Tuesday, May 12, 2009

When it Rains...

My mother likes to say "when it rains, it pours" in the context of bad things happening. It does seem like that sometimes, that bad things happen in waves or are brought in with the tide. I think bad things happen all the time just like good things, but you don't always know the people they're happening to. And when you do know them, you feel like you should do something to help.

Daughter No. 1 and Husband were in California over the weekend scoping out apartments for when No. 1 goes to Berkeley for grad school. No. 1 called to wish me a happy mother's day, and before we hung up the phone, I had blabbed such a litany of bad news, I felt like those old people who, when you say hello, start naming all of their ailments or telling you how many of their friends died just last week. And all you can do is respectfully listen and think about what pleasant thing you'll do next as an antidote to their monologue.

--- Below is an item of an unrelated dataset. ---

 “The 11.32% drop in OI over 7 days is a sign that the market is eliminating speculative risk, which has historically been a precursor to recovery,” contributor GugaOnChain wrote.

Well, I couldn't help it. It's been raining bad news these days. I had just gotten off the phone with my own mother, and she told me about my elderly uncle Clifton who is in the hospital and not doing well at all. And my aunt Francis is not expected to live much longer, and uncle Travis is so "feeble" he can't be left alone for long in case he falls down and can't get himself back up again, and my brother-in-law has pneumonia...and... And I spoke to my sister who is recovering from surgery and is haunted by the possibility of cancer in some vague and undisclosed location or time.

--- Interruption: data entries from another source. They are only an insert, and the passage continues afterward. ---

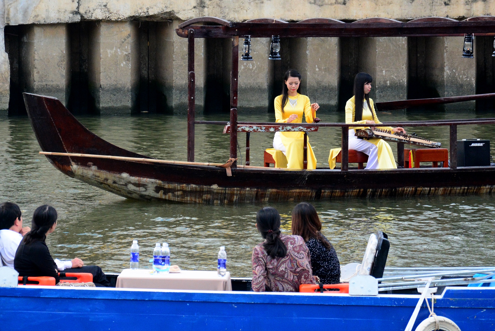 Ngồi trên thuyền du ngoạn dọc theo kênh Nhiêu Lộc - Thị Nghè (TP HCM), du khách thoải mái ngắm cảnh và thưởng thức những bản nhạc dân tộc.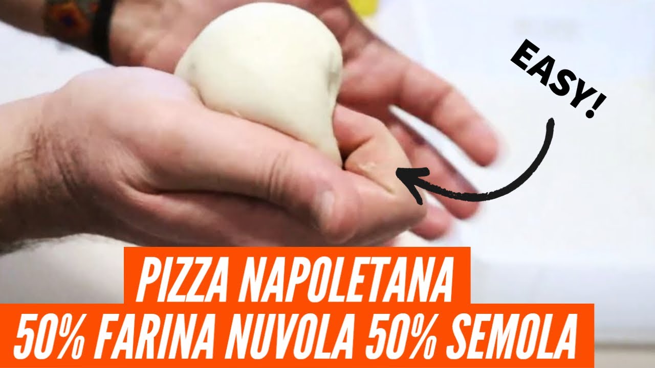 Oggi ceniamo con la pizza napoletana fatta in casa, 50% farina Caputo Nuvola 50% semola rimacinata di grano duro. Ho già provato la farina Nuvola con una ricetta vista precedentemente, oggi la sperimento mixata con la semplice semola, e posso dire che il risultato mi ha davvero sorpreso e incuriosito: pizza scioglievole all’interno, con un gustosissimo velo di croccantezza sul cornicione.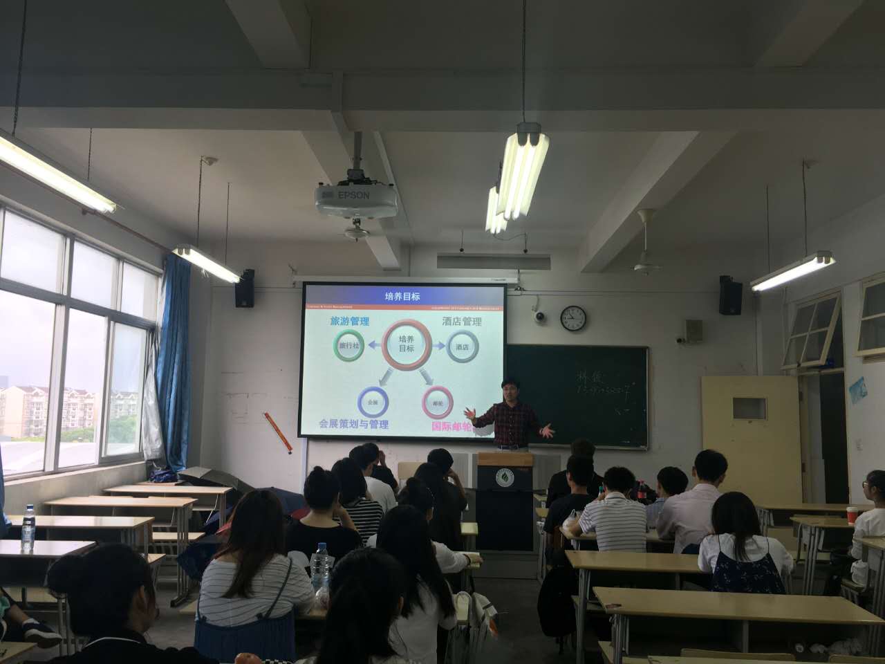 2016年9月14日上午,经管系酒店管理专业主任林俊老师为2016级新生进行专业介绍。首先,林老师对大家的到来表示了热烈的欢迎,欢迎大家来到济光学院进行学习;其次,林老师从酒店行业的发展开始,为大家就本专业设置的背景、教学的主要课程及内容、校内外的实训、实践体系、校外实习、双证书教育、技能大赛、求职就业及职业发展等问题进行了详细的介绍,使同学们对专业及未来三年的学习生活有了一个整体性的了解。随后,又有部分同学针对考证、比赛、实习、就业、专升本等问题与林老师进行了交流。最后,林老师对大家未来三年在学校的学习进行了寄语,希望大家能够学好专业知识和技能,为自己、家庭和社会做出自己的贡献。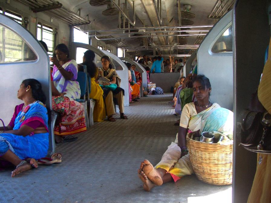 床に座ったおばちゃんがのどかな車内風景を演出中。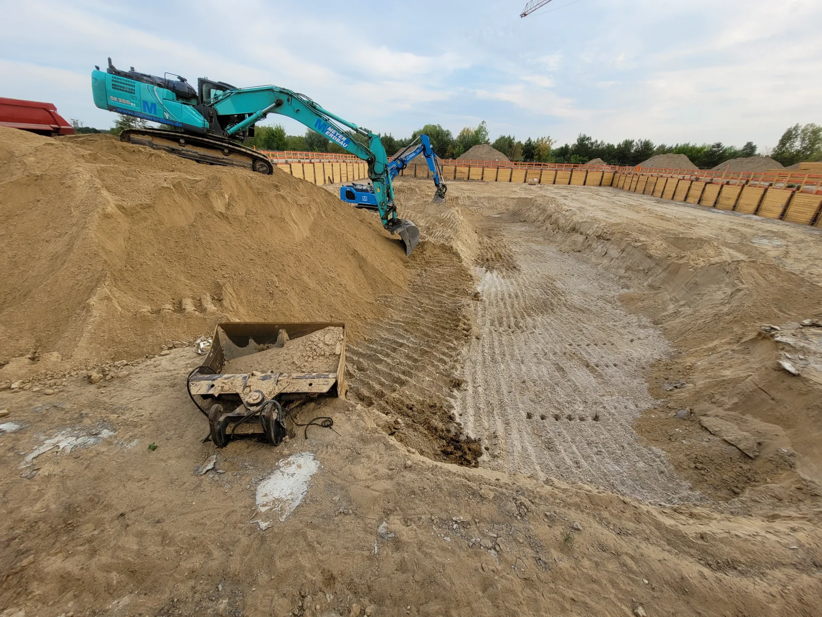 Unser Auftrag umfasst die Leistungen von der Errichtung der fünfzig mal sechzig Meter großen, sieben Meter tiefen Baugrube über die Rohbauarbeiten der Zu und Ablaufkanäle, sowie der Filtrationsbecken bis hin zur schlüsselfertigen Fertigstellung des Technikgebäudes.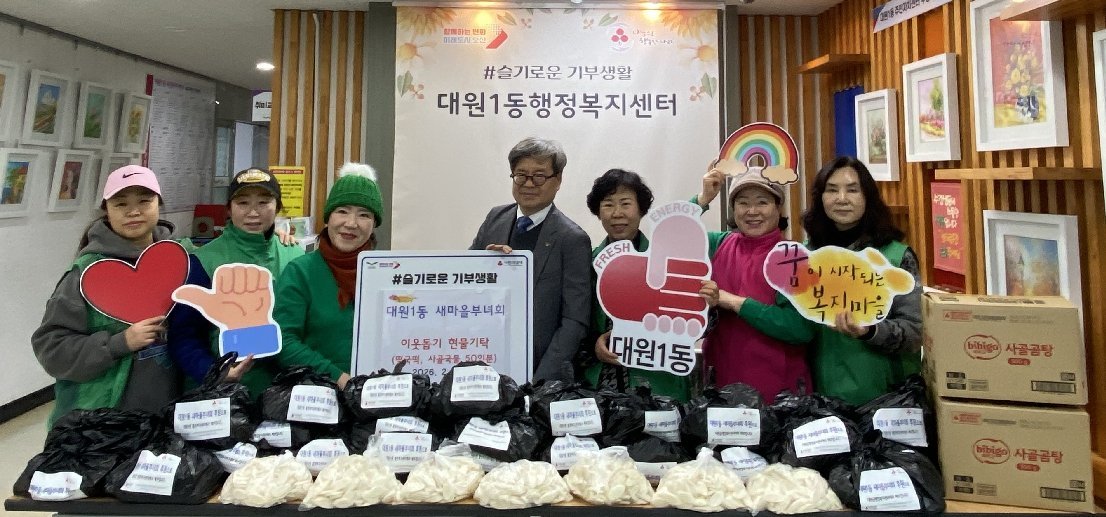심인숙 대원1동 새마을부녀회장은 “작은 정성이지만 설 명절을 맞아 이웃들이 따뜻한 떡국 한 그릇과 함께 온기 있는 겨울을 보내시길 바라는 마음으로 준비했다”며 “앞으로도 지역사회와 함께하는 나눔 활동을 지속적으로 이어가겠다”고 말했다.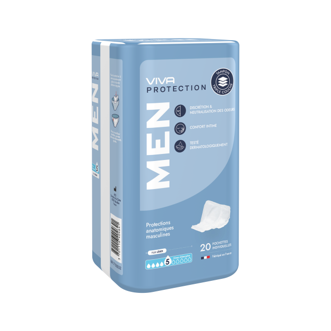 En cas de fuites urinaires légères. Adapté aux hommes.

Add to that a fifty-something couple in Small Town with cancer. The husband was diagnosed with lung cancer recently, and his wife came down with breast cancer 10 days later. I met them just yesterday when I was asked by my church to deliver dinner to their house. I gave them chicken salad in a peanut sauce and some cookies, and the wife hugged me.

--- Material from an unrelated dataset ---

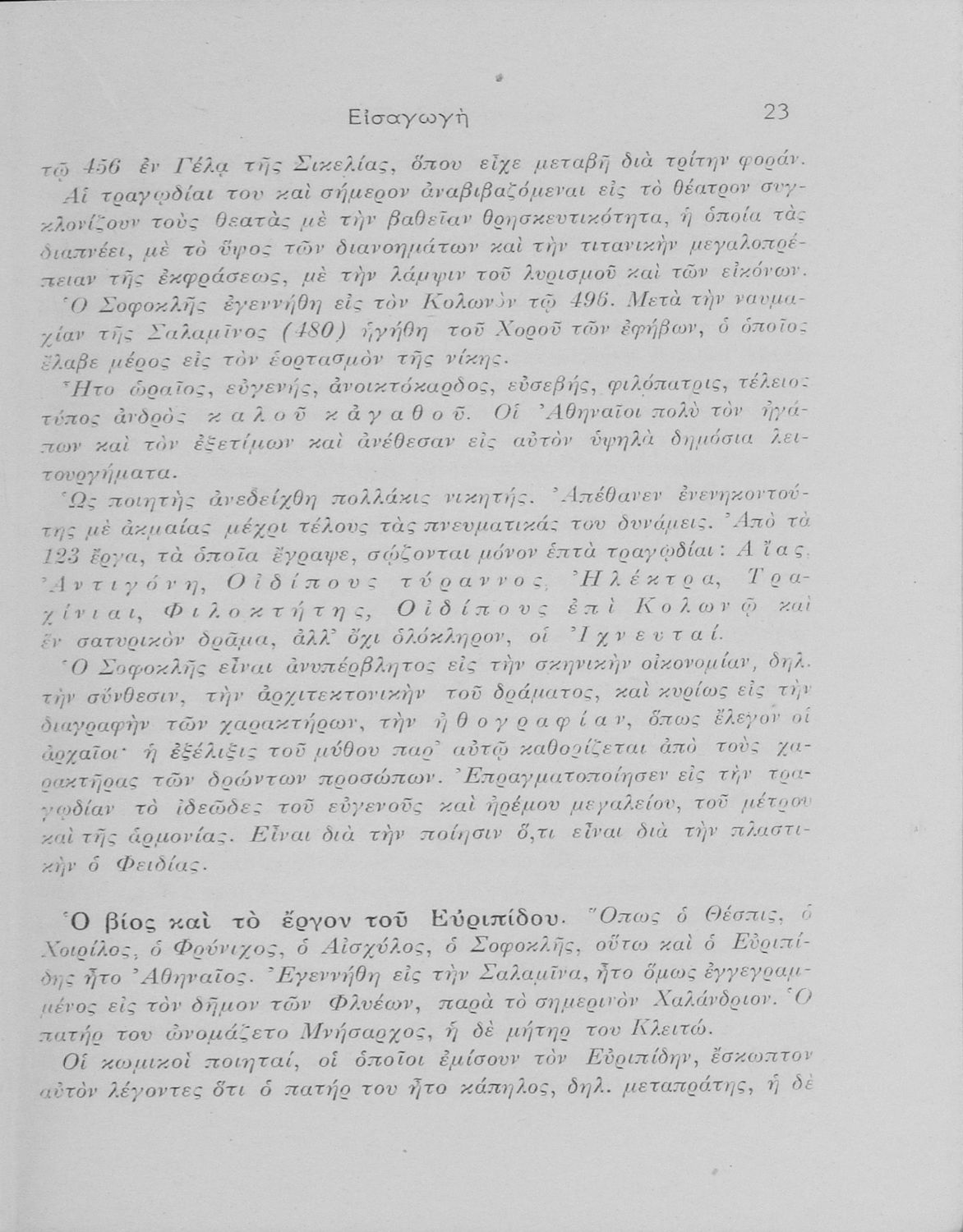 Σχολικό εγχειρίδιο Αρχαίων Ελληνικών Ε΄ και ΣΤ΄ Γυμνασίου που περιλαμβάνει εισαγωγή στο αρχαίο δράμα, στη ζωή και το έργο μεγάλων τραγικών ποιητών, την τραγωδία του Ευριπίδη Ιφιγένεια εν Ταύροις, και ερμηνευτικές σημειώσεις

Add to that my mother-in-law who has been like a mother to me since I first got to know her over 25 years ago. She was diagnosed with Alzheimer's last week, and because she is in the earlier stages, she knows what's going on—acutely. Her husband died from the same thing just a few years ago, so she knows the potential for ugliness here.

I remember when my father was in the later stages of the godawful disease, and he had created a world surrounded by his favorite things, and he seemed so happy. He imagined eating corn on the cob a lot, and he imagined building things with tools, and he tapped out silent tunes on the arm of his chair. For a man who loved food and carpentry and music, that nonexistent world was a delight.

But Alzheimer's disease isn't like that in the early stages, and it's never a delight for the people who watch you go through it. There are no bright spots in this disease, and there are no lessons to be learned from it. You don't build character by going through it, and you won't come out stronger for it on the other side.

It's likely this couple with cancer will survive and be well again, and cooking a meal for them is the least I can do. It's a small antidote to their bad news. My aunts and uncles live hundreds of miles away and probably barely remember me, so the only thing I can do for them is console my mother when they're gone. But I don't know what sort of antidote I can give to my mother-in-law. A meal won't fix anything, and a listening ear or a pat on the shoulder hardly seem to match the gravity of the circumstances. They seem more like a pool floaty in the midst of a monsoon.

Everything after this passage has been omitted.